Pendergest-Holt was arrested in Houston, where Stanford Financial Group is based. The FBI said she was taken to the federal detention center and would appear in federal court Friday morning for an arraignment.
"She is looking forward to working with the government to get all the facts out and put this behind her," her attorney Brent Baker said Thursday night.
The government alleges in a federal complaint that Pendergest-Holt obstructed the investigation with some of her answers to SEC investigators' questions, including failing to reveal to the SEC how much she knew about investments in Stanford International Bank Ltd.
The FBI said in an affidavit that Pendergest-Holt repeatedly misrepresented how much she knew about the bank's Tier III portfolio, which represented about 81 percent of the bank's portfolio, and did not let the SEC investigators know that she had learned of a $1.6 billion loan to a shareholder.

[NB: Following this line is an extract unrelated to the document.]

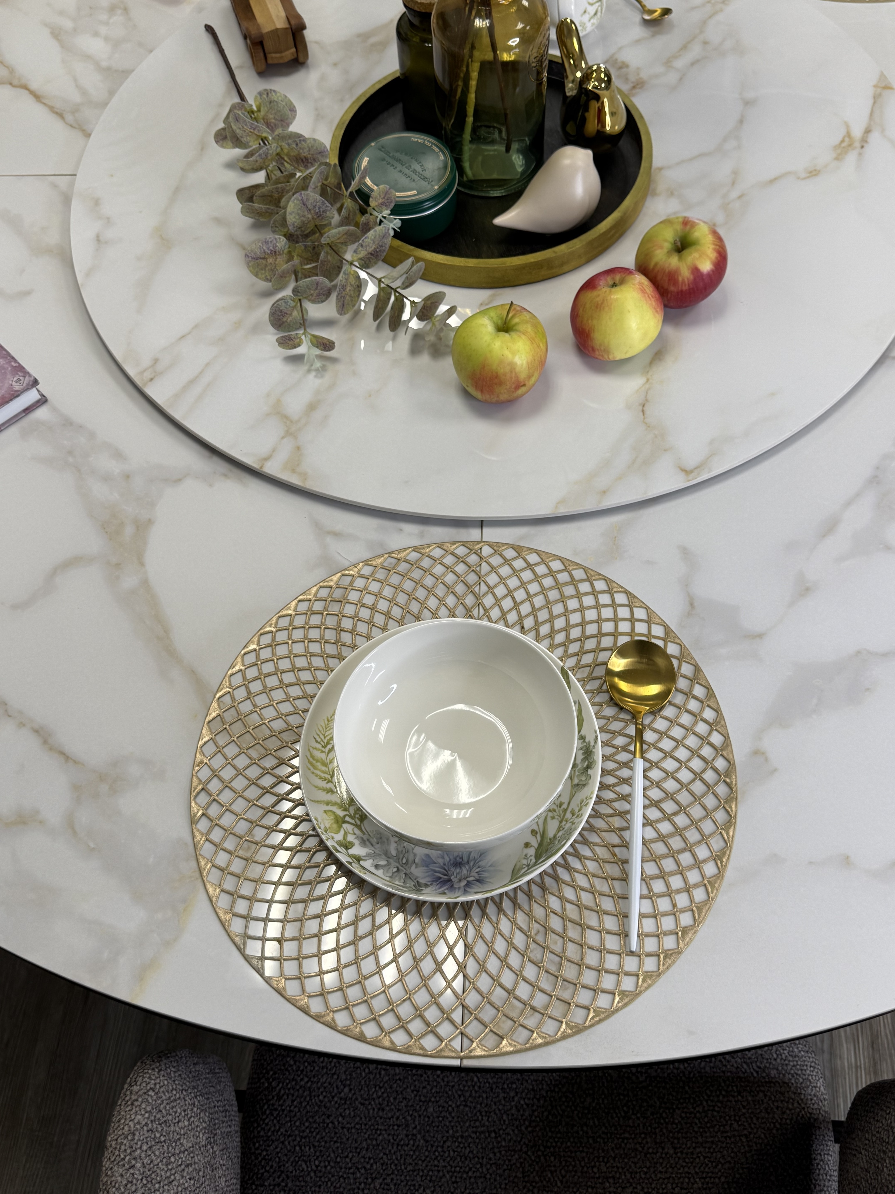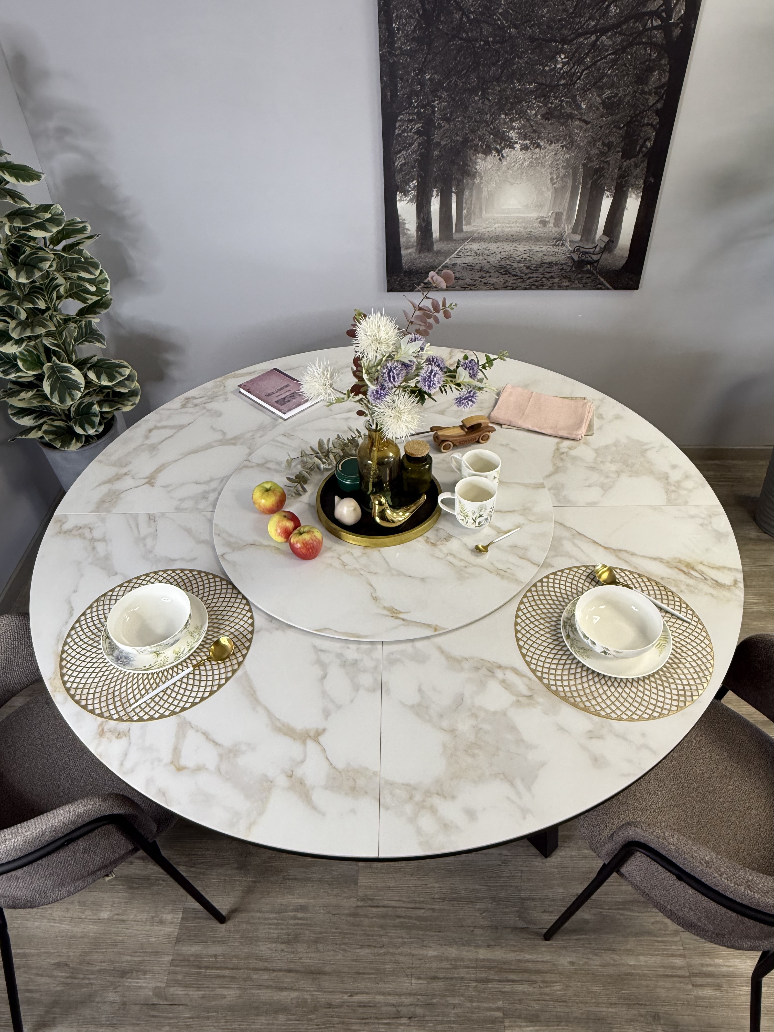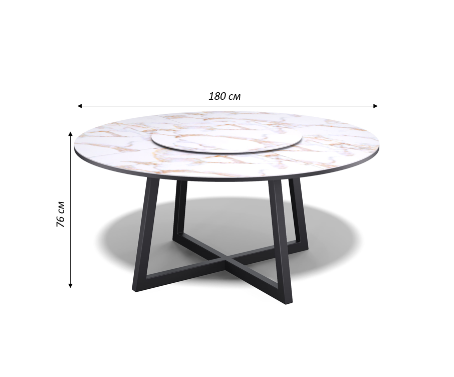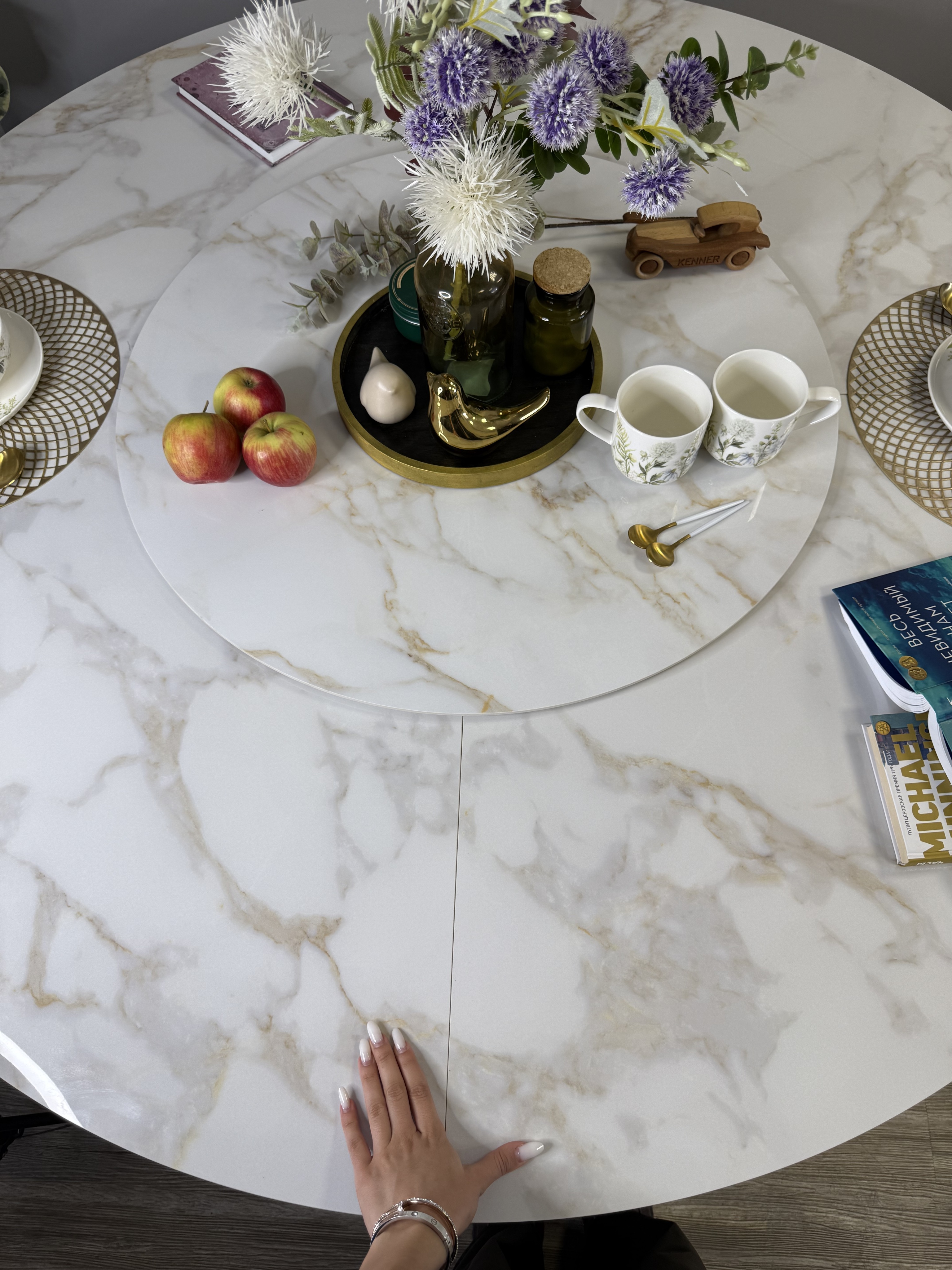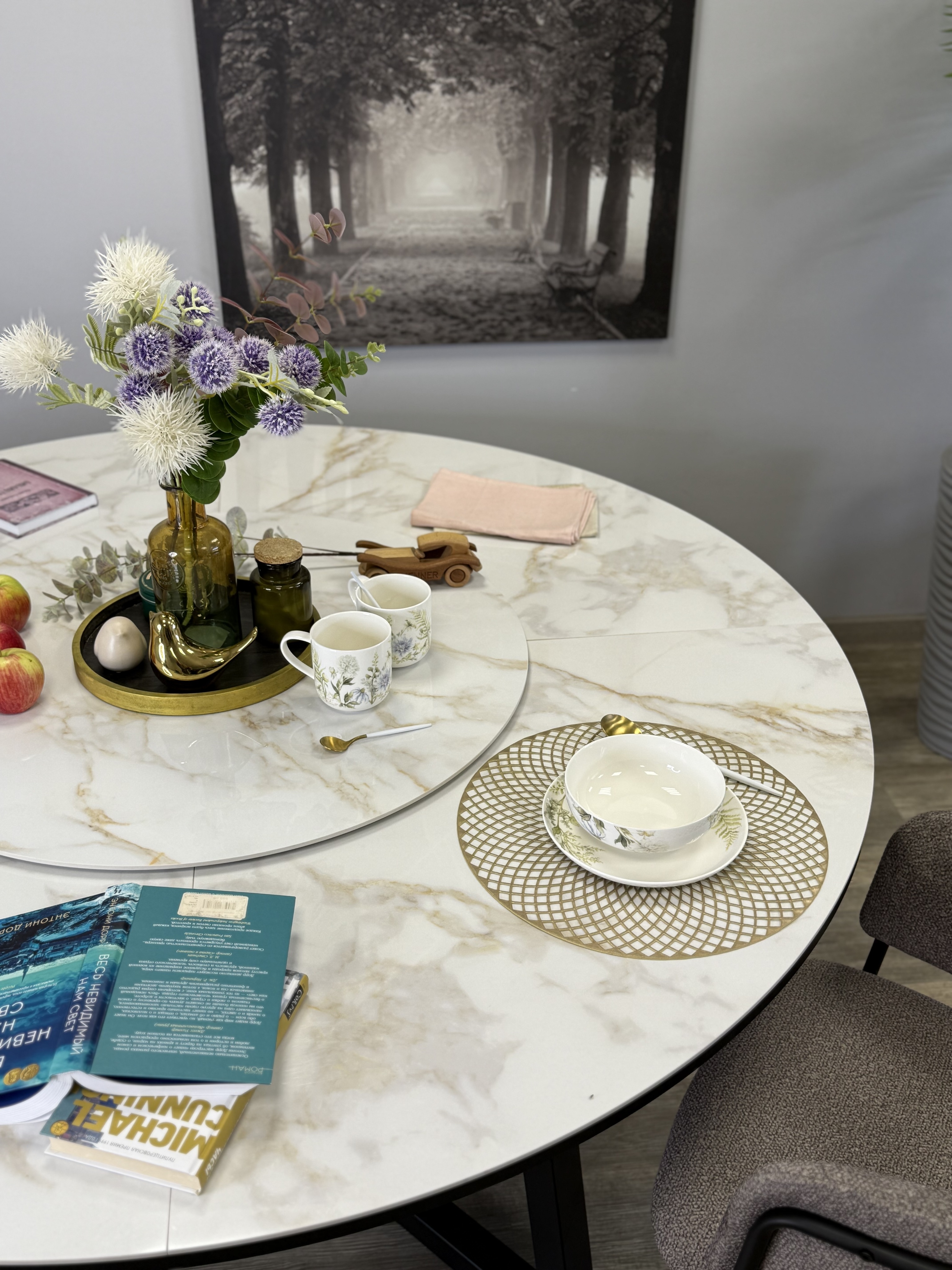 Большая двухсоставная столешница круглой формы, выполненная из высококачественной керамики, обеспечивает повышенную прочность и долговечность. Благодаря устойчивости к механическим повреждениям и термошокам, она идеально подходит для интенсивной эксплуатации.

The complaint also alleges that Pendergest-Holt did not reveal that she was a member of the bank's investment committee.
"We appreciate the quick and decisive action of the Department of Justice and the FBI, and thank them for their fine work and cooperation in this matter," SEC Deputy Enforcement Director Scott Friestad said in an e-mail.
Stanford is accused in civil charges of lying about the safety of investments he sold as "certificates of deposit" and promised unrealistically high rates of return. Regulators also said he faked historical data about other investments which he then used to lure in more investors for the CD products.